- Directed by: Gene Deitch
- Story by: Jules Feiffer
- Produced by: William L. Snyder Zdenka Najmanova
- Starring: Howard Morris Seth Deitch Marie Deitch Jules Feiffer
- Narrated by: Howard Morris
- Edited by: Zdenka Navratilova
- Music by: Štěpán Koníček
- Production companies: Film Representations Rembrandt Films
- Distributed by: Paramount Pictures (United States)
- Release dates: September 1960 (Czechoslovakia); October 5, 1961 (U.S.);
- Running time: 8 minutes 20 seconds
- Countries: Czechoslovakia United States

= Munro (film) =

1960 Czechoslovak-American animated short film

Munro is a 1960 Czechoslovak-American animated short film directed by Gene Deitch, written by Jules Feiffer, and produced by William L. Snyder. Munro won an Oscar for Best Animated Short Film in 1961. It was the first short composed outside of the United States to be so honored. The Academy Film Archive preserved Munro in 2004.

== Plot ==

The title character is a rebellious little boy who is accidentally drafted into the United States Army. No matter which adult he tells, "I'm only four", they all fail to notice his age. Eventually, the harshness of army life makes Munro cry, which causes the general to realize that he really is a little boy.
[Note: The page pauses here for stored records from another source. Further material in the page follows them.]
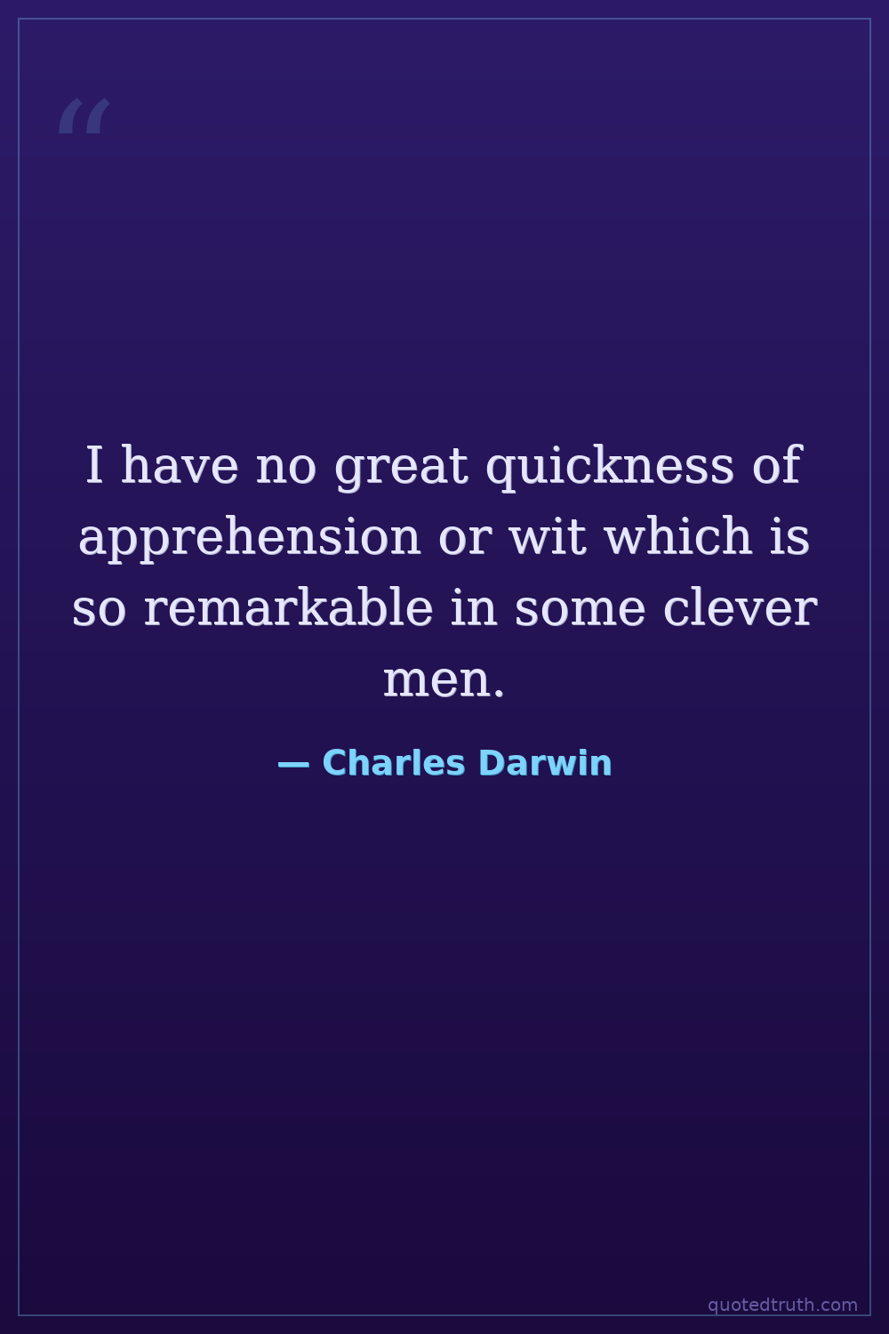 I have no great quickness of apprehension or wit which is so remarkable in some clever men.
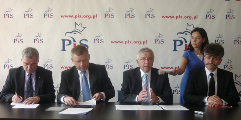 Kielce. Parlamentarzyści Prawa i Sprawiedliwości posłowie Krzysztof Lipiec, Jarosław Rusiecki, Andrzej Bętkowski i senator Krzysztof Słoń spotkali się z dziennikarzami na Konferencji Prasowej. Poseł Krzysztof Lipiec poinformował o incjatywie ustawodawczej Klubu Parlamentarnego dotyczącej nowelizacji prawa samorządowego polegającej na wprowadzeniu tzw. "kadencyjności wójtów" oraz wprowadzenia instytucji zawieszenia wójta w przypadku postawienia zarzutów karnych za przestępstwo umyślne ścigane z oskarzenia publicznego. Parlamentarzysta poinformował również o inicjatywie przeprowadzenia referendum ogólnokrajowego w sprawie niekorzystnego dla Polski, a wynegocjowanego przez rząd Donalda Tuska Pakietu Klimatyczno - Energetycznego. Posłowie skierują do Ministra Spraw Wewnętrznch interpelację w sprawie likwidacji posterunków Policji w województwie świętokrzyskim.
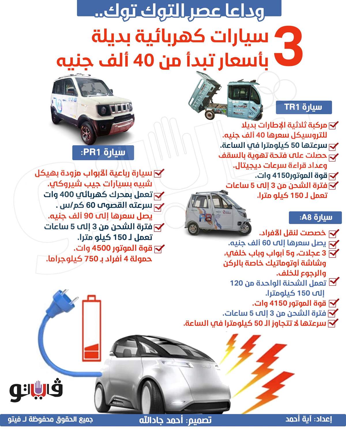 طرحت عدد من الشركات 3 سيارات كهربائية بالأسواق بأسعار مميزة تعمل كبديل للتوك توك والتروسيكل ويجرى حاليا تدشين محطات الشحن.

He is discharged and becomes a hero... and whenever he misbehaves, Munro is reminded of his stint in the army.

== Production ==
Screenwriter Feiffer, who adapted his own story from his book Passionella and Other Stories, and provided the storyboards, said the tale was a reaction to his time serving in the U.S. Army:

I came up with the story of Munro because I understood that if you're really in a rage and really want to attack someone in cartoon form, the least effective way is to jump up and down and scream and yell and to be polemical—something a lot of cartoonists have never learned. The best way is to go in the other direction and feign innocence, and bring the reader along in a quiet way. And so Munro tells this savage story but tells it entertainingly and sweetly and builds it up and gets the reader stressed, and as you read it, and particularly when you see the film, you feel your stomach knot up because of the obvious abuse and ignorance of authority. And people connected to their own situations with authority in or out of the Army when no one listens, no one believes you. They know, you don't, and they may even start to convince you, as they do Munro, that they're right and you're wrong.
Munro's voice is provided by Gene Deitch's young son Seth Deitch (later a writer and artist in his own right), while Deitch's wife Marie Deitch does the female voices.